The most common shifts can still be performed in a single operation, and other shifts can be performed in two or three operations.
Cheers
Ed
If I did that, IR[11:8] wouldn't follow the rule I have now for 16 Acc's:
Code: Select all
For IR[15:0]
16'bssdd_ssdd_xxxx_xxxx
IR[15:14] = src_reg
IR[13:12] = dst_reg
IR[11:10] = src_reg
IR[9:8] = dst_reg
IR[7:0] = NMOS 6502 opcode
...- A is hard coded as register 0, X as 4, Y as 5 and SP as 6. This is not a bad thing, as it presumably means one can do arithmetic on X, Y and SP. But it might be worth noting. Also you might want to move them around a bit...
What do you mean?
Posted: Sat Mar 17, 2012 2:23 pm
by BigEd
how about allowing just 2 bits of shift distance
If I did that, IR[11:8] wouldn't follow the rule I have now for 16 Acc's:
Code: Select all
For IR[15:0]
16'bssdd_ssdd_xxxx_xxxx
How about mapping those groups of bits like this instead:
Code: Select all
For IR[15:0]
16'bsdsd_ssdd_xxxx_xxxx ; s and d are src and dst for non-shift
16'brrsd_ssdd_xxxx_xxxx ; rr is shift/rotate distance for shift ops
or like this
Code: Select all
For IR[15:0]
16'bsdss_sddd_xxxx_xxxx ; s and d are src and dst for non-shift
16'brrss_sddd_xxxx_xxxx ; rr is shift/rotate distance for shift ops
...- A is hard coded as register 0, X as 4, Y as 5 and SP as 6. This is not a bad thing, as it presumably means one can do arithmetic on X, Y and SP. But it might be worth noting. Also you might want to move them around a bit...
What do you mean?
If you name your accumulators according to the alphabet, and we see which register numbers they land on, with the present github code we get
Code: Select all
0 A
1 B
2 C
3 D
4 E also X
5 F also Y
6 G also SP
7 H
and similarly (but with more lines) in the 16-accumulator case. So, I'm suggesting you'd want to put X, Y and SP at the top end, where you have accumulators N, O, and P (or Q) which is registers 13, 14 and 15.
For example
TAN
will be the same thing as
TAX
which isn't very interesting, but adding something to D placing it in N will be placing it in X (they are different names for the same place) and this might well be useful.

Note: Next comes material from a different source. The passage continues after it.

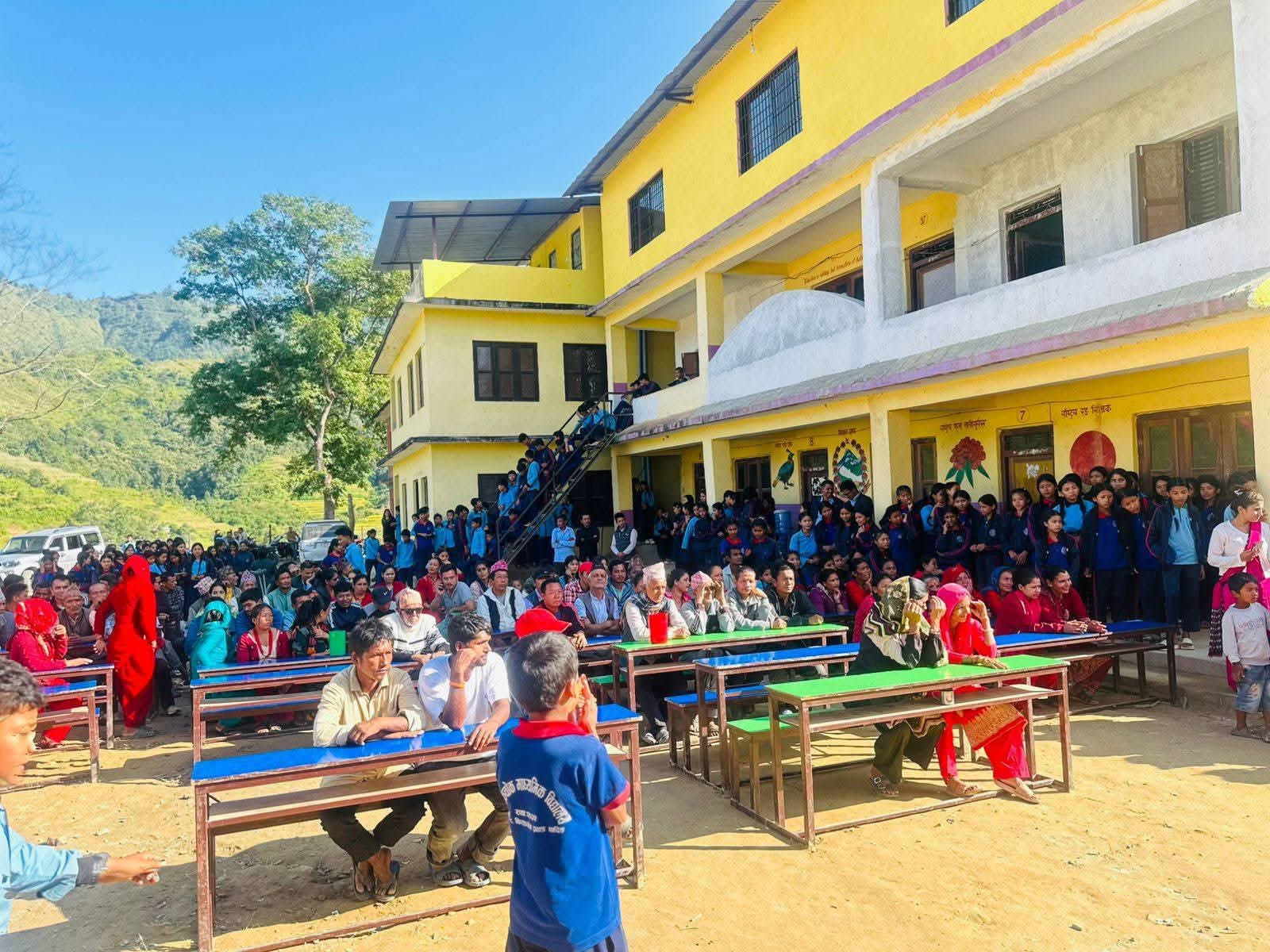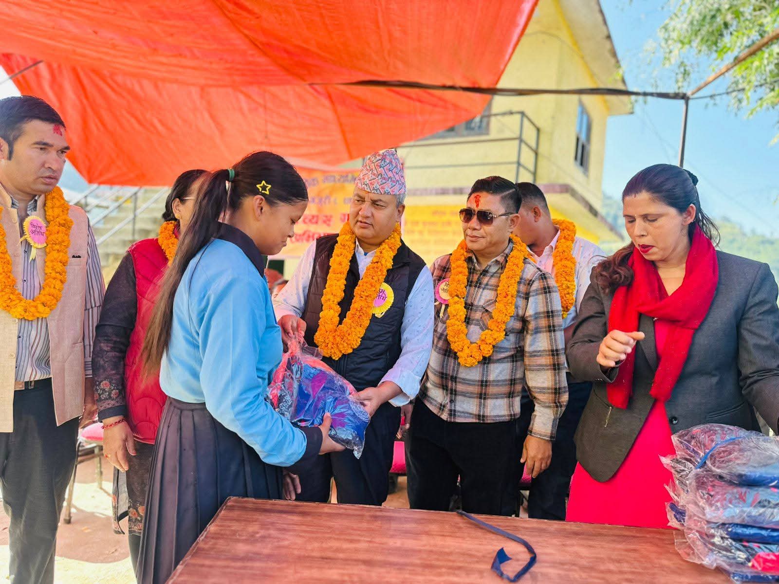 यसै बिधालयका शिक्षक रामेश्वर पौडेलको पहलमा स्विजरल्याण्डका नागरिक नोआ कुन्जको सहयोगमा विद्यालयका विद्यार्थीहरुलाई ट्र्याकसुट र झोला वितरण गरिएको हो। सहयोगी कुन्जलाई विद्यालय परिवारले विशेष धन्यवाद ज्ञापन गरेको थियो।

(This is assuming that I've understood correctly the way your verilog makes use of the register file)
Although it would be yet more work for the assembler, I'd also suggest R0 to R15 as synonyms for the accumulators (or registers) - that would allow a more regular form of assembly which would be less familiar to 6502 fans but might be easier to work with.
Cheers
Ed
Posted: Sat Mar 17, 2012 3:20 pm
by ElEctric_EyE
This is what I have for the 16 Acc .b core now:
Code: Select all
reg [4:0] regsel; // Select A thru P, X, Y or S register
wire [dw-1:0] regfile = PAXYS[regsel]; // Selected register output
parameter
SEL_A = 5'd0,
SEL_B = 5'd1,
SEL_C = 5'd2,
SEL_D = 5'd3,
SEL_E = 5'd4,
SEL_F = 5'd5,
SEL_G = 5'd6,
SEL_H = 5'd7,
SEL_I = 5'd8,
SEL_J = 5'd9,
SEL_K = 5'd10,
SEL_L = 5'd11,
SEL_M = 5'd12,
SEL_N = 5'd13,
SEL_O = 5'd14,
SEL_P = 5'd15,
SEL_X = 5'd16,
SEL_Y = 5'd17,
SEL_S = 5'd18;
As far as changing values during a transfer, there's really no need for that. I've done what Arlet suggested to do that kind of thing during the actual math or logical operation. So it looks something like this:
Code: Select all
ADCAopBi #$001F ; Add $1F to A, store in B
an ADCAopAi is actually the original ADC #$xx, immediate.
or
Code: Select all
EOR AopBa $FFFFE000 ; EOR value in $FFFFE000 with A, store in B
So the bit structure is pretty much locked in at this point, especially since I've already done alot of work typing out a good number of Macro's and running them through simulation.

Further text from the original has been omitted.